Both ends included, restate word for word the lines from the first line of the listing through the line containing "1月16日晚7点,硕1018". Leave the pictures out.

DATA TO EXAMINE ::
· · · · · · ·
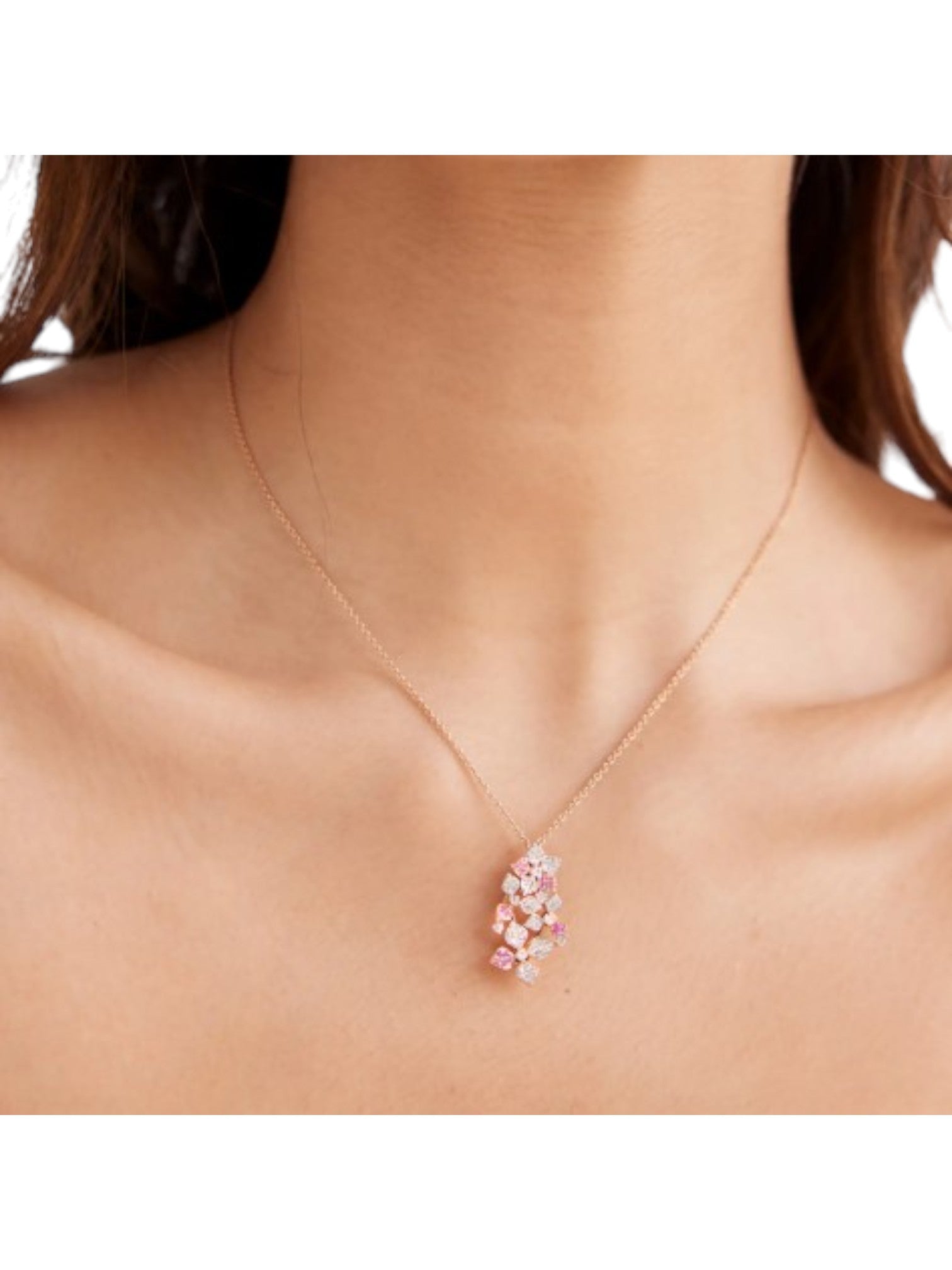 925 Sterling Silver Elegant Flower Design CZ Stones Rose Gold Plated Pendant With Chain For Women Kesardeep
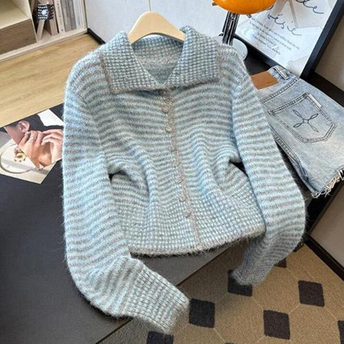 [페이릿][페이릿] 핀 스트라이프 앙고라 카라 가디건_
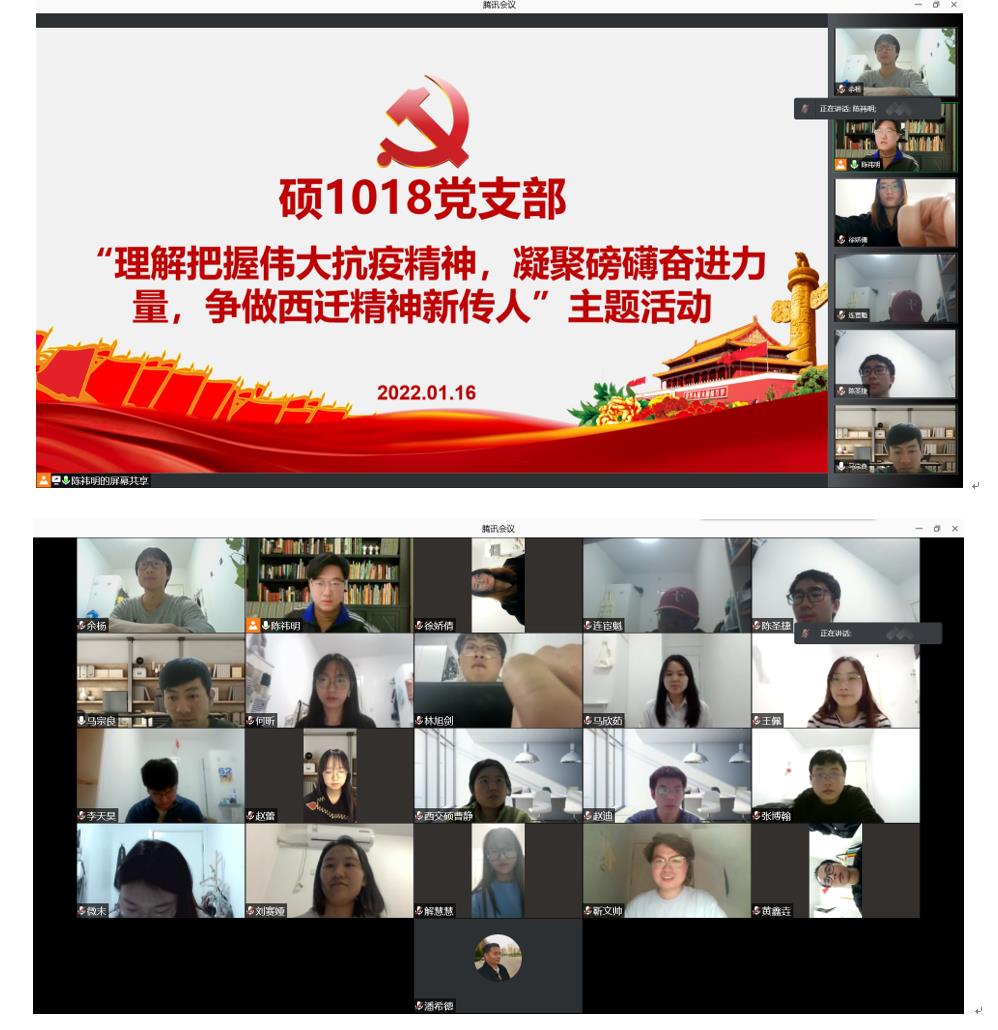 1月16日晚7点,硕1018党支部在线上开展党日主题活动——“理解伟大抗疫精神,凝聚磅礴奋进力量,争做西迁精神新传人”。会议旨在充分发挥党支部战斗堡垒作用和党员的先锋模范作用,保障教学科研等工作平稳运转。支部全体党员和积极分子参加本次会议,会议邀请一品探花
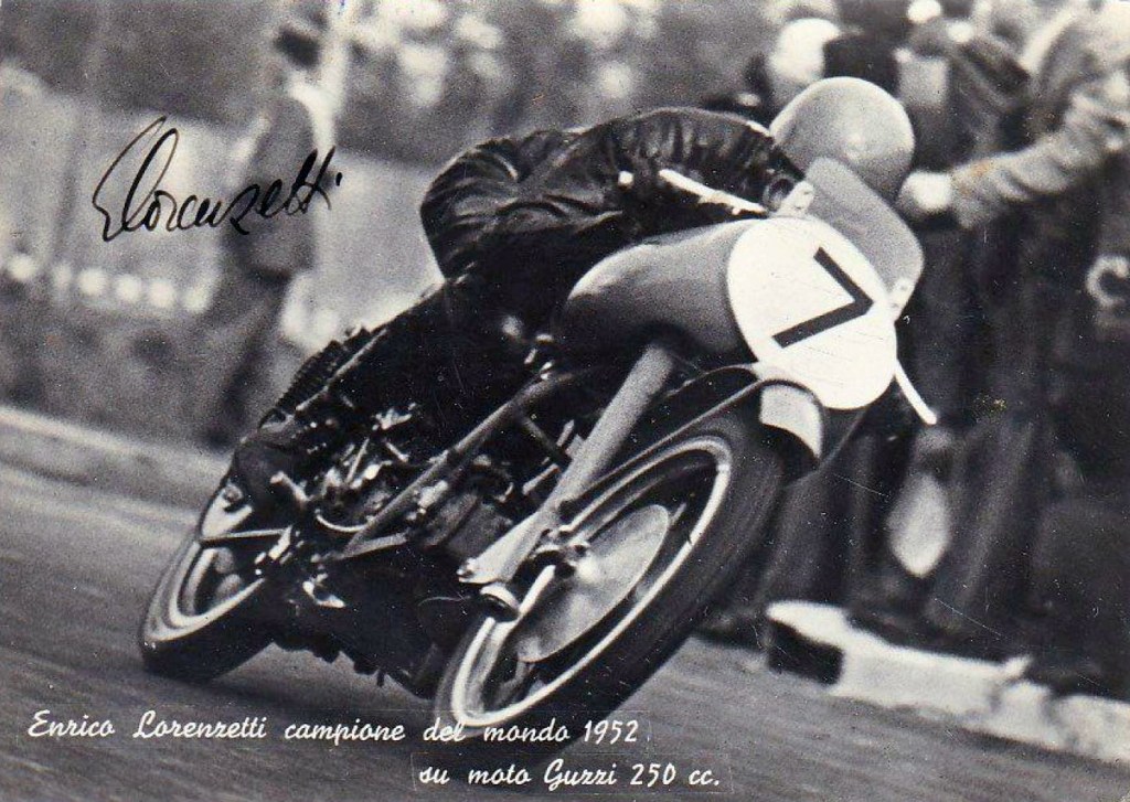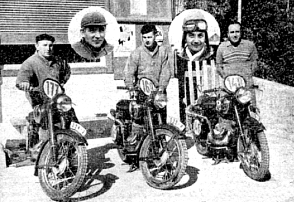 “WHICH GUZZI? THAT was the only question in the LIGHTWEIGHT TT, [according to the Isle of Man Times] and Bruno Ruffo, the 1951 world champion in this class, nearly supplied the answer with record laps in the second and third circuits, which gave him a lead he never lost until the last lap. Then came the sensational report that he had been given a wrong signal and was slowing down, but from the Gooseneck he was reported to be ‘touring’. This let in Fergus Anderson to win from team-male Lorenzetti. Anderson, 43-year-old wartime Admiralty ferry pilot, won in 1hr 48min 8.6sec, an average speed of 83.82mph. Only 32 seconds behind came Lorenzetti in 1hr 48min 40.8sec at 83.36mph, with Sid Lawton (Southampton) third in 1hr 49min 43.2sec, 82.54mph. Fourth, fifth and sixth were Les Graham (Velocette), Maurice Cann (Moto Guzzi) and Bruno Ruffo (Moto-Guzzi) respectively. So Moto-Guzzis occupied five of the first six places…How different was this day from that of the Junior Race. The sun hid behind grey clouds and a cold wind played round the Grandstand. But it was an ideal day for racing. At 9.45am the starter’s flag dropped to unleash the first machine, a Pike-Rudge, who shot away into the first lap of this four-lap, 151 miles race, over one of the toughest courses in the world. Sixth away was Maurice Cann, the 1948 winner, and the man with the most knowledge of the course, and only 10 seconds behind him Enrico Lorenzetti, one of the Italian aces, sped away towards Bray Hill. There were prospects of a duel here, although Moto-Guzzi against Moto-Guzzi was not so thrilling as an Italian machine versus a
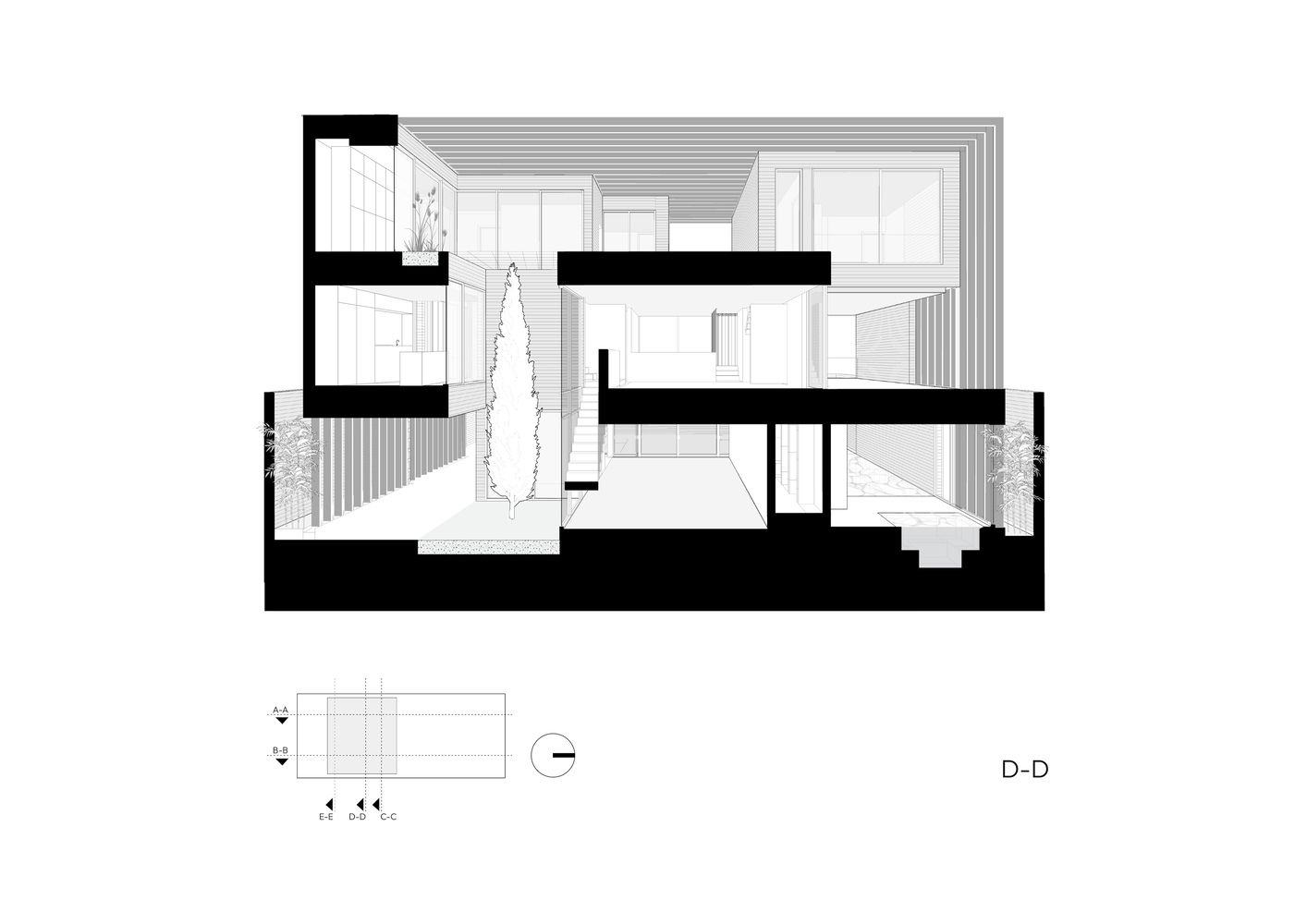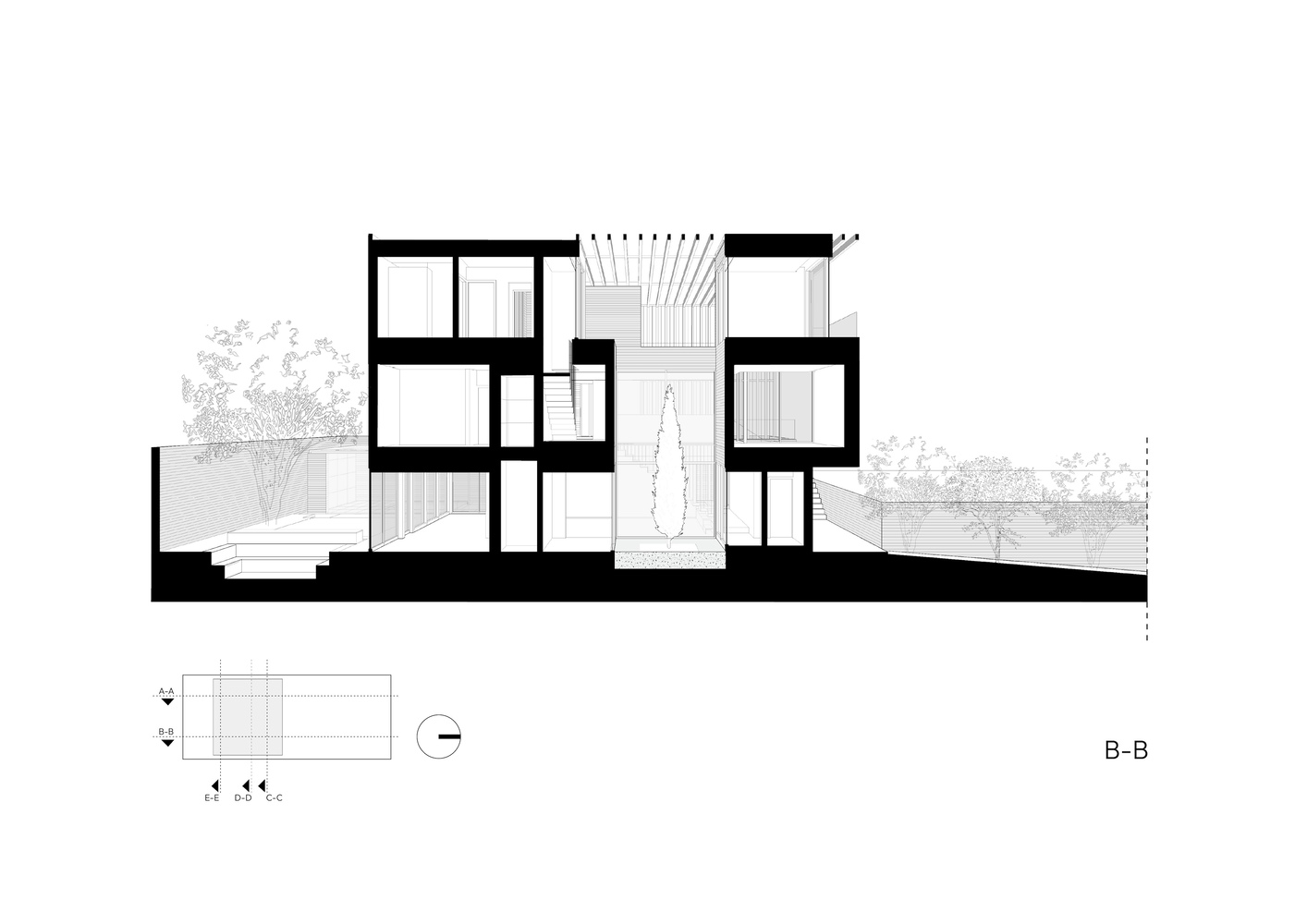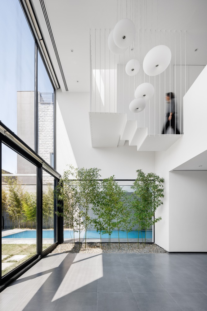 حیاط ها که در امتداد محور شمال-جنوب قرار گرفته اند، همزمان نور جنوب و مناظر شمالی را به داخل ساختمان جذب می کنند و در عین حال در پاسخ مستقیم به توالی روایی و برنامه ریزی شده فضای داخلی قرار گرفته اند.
· · · · · · ·
RESPONSE AREA ::
 925 Sterling Silver Elegant Flower Design CZ Stones Rose Gold Plated Pendant With Chain For Women Kesardeep
 [페이릿][페이릿] 핀 스트라이프 앙고라 카라 가디건_
 1月16日晚7点,硕1018党支部在线上开展党日主题活动——“理解伟大抗疫精神,凝聚磅礴奋进力量,争做西迁精神新传人”。会议旨在充分发挥党支部战斗堡垒作用和党员的先锋模范作用,保障教学科研等工作平稳运转。支部全体党员和积极分子参加本次会议,会议邀请一品探花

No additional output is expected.